O estudo deste tema se justifica pela necessidade de se compreender melhor o papel e a funcionalidade do saneamento e da organização instrutória compartilhados no cenário atual do direito processual civil brasileiro. O CPC/15 trouxe inovações substanciais em relação ao CPC/1973, entre elas a consagração do princípio da cooperação (art. 6º) e a possibilidade de realização de uma audiência de saneamento compartilhado (art. 357, § 2º). Estes dispositivos, como veremos, têm o potencial de alterar significativamente a maneira como o processo civil é conduzido e resolvido. 

O primeiro capítulo deste artigo, “Dever de Cooperação no Novo CPC”, abordará a importante novidade introduzida pelo Código de 2015 que impõe um dever de colaboração entre as partes, seus advogados e o juiz para que se atinja uma solução justa e efetiva da lide. O segundo capítulo, “Saneamento e Organização Instrutória do Processo”, trata dos fundamentos e do propósito dessas duas fases processuais sob a perspectiva do CPC/15.  

Em sequência, no capítulo “Audiência de Saneamento”, será realizada uma análise detalhada dessa fase processual, destacando sua finalidade, seus procedimentos e sua relevância para a efetividade do processo, levando sempre em consideração a comparticipação.  

Por fim, o último capítulo, “Art. 357, § 2º do CPC, Sob a Luz dos Atos Conjuntos”, trará uma análise do artigo em questão, ressaltando a relevância desse dispositivo no contexto do saneamento e da organização instrutória compartilhados, fazendo uma análise dos motivos pelos quais referido dispositivo, apesar de guardar semelhança com o negócio jurídico processual, não se enquadra exatamente nas hipóteses de referido instituto, amoldando-se de maneira plena na hipótese de “atos conjuntos”, conforme lição de Antonio do Passo Cabral. 

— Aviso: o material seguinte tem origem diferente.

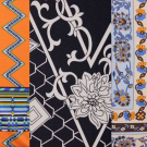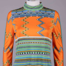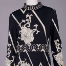 1 long sleeve ethnically inspired printed silk tricot in blues, green & yellow bands & zigzags on orange ground, standing collar, CB zip closure, label “J. Tiktiner, Made in France”, B 36”, W 34”, L 40”, (few tiny stains) excellent; 1 Chinese inspired white chrysanthemum & fish scale print w/ lightning accents on black ground, standing collar, CB zip closure, label “Paganne by Gene Berk”, B 40”, W 32”, L 40”, (few tiny stains lap & CF, few loose stitches right cuff) very good; 1 printed silk in rows of Chinese inspired mosaic florals in blues, creams & browns, full sleeves into fitted cuff, tie band at W, label “Paganne by Gene Berk”, B 38”, W 36”, L 43”, (pilling in left cuff, CF zip & inner hem) excellent.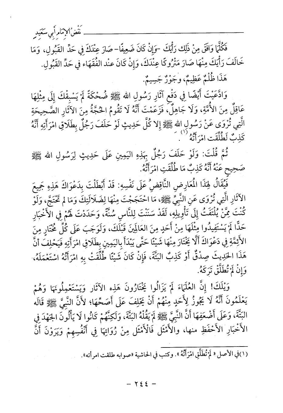 وَادَّعَيْتَ أَيْضًا فِي دَفْعِ آثَارِ رَسُولِ الله - صلى الله عليه وسلم - ضُحْكَةً لَمْ يَسْبِقْكَ إِلَى مِثْلِهَا عَاقِلٌ مِنَ الأُمَّةِ، وَلَا جَاهِلٌ، فَزَعَمْتَ أَنَّهُ لَا تَقُومُ الحُجَّةُ مِنَ الآثَارِ الصَّحِيحَةِ الَّتِي تُرْوَى عَنْ رَسُولِ اللهِ - صلى الله عليه وسلم - إِلا كُلَّ حَدِيثٍ لَوْ حَلَفَ رَجُلٌ بِطَلَاقِ امْرَأَتِهِ أَنَّهُ كَذِبٌ لَطُلِّقَت امْرَأَتُهُ (¬1).

Ao longo deste trabalho, esperamos contribuir para o debate em torno do CPC/15 e suas inovações, fornecendo uma análise sólida e aprofundada das questões relativas ao saneamento e à organização instrutória compartilhados e com-participativos. 

2. DEVER DE COOPERAÇÃO NO CPC 

O Art. 6º do CPC impõe, quase que de maneira principiológica, o dever de cooperação no processo civil, estabelecendo que todos os sujeitos do processo devem cooperar entre si para que se alcance uma solução justa e efetiva do litígio. 

Esse dever de cooperação se aplica a todas as partes envolvidas no processo, sejam elas os próprios litigantes, seus advogados, o juiz e até mesmo terceiros que possam contribuir para a resolução do conflito. 

“O disposto no CPC 6º. se assemelha ao que consta do art. 266.º do ex-CPC port., segundo o qual existe um dever de cooperação judiciária entre todos os intervenientes processuais. (…) O atual CPC port., promulgado em 2013, também trata da cooperação, em sentido muito semelhante ao que consta deste CPC 6.º, prevendo que magistrados, mandatários judiciais e partes devem cooperar entre si, concorrendo para obter, com brevidade e eficácia, a justa composição do litígio (CPC port. 7.º).”2 

O objetivo principal do dever de cooperação é promover uma cultura de diálogo, transparência e boa-fé processual, visando à celeridade, economia processual e efetividade da prestação jurisdicional. Algumas das principais manifestações desse dever no CPC incluem: 

  1. Dever de informação: As partes têm o dever de fornecer informações verdadeiras e relevantes sobre o caso, colaborando para que o juiz tenha uma compreensão completa dos fatos e das questões jurídicas envolvidas. 
  1. Dever de lealdade e boa-fé processual: As partes devem agir com honestidade, evitando manobras dilatórias, apresentando argumentos relevantes e não ocultando informações que possam ser prejudiciais ao seu próprio caso. 
  1. Dever de colaboração na produção de provas: As partes devem colaborar na produção de provas, comparecendo a audiências designadas, indicando testemunhas, apresentando documentos pertinentes e facilitando o acesso às informações necessárias para a instrução do processo. 
  1. Dever de buscar soluções consensuais: As partes são encorajadas a buscar soluções consensuais, como a mediação e a conciliação, antes e durante o processo judicial, sempre que possível. 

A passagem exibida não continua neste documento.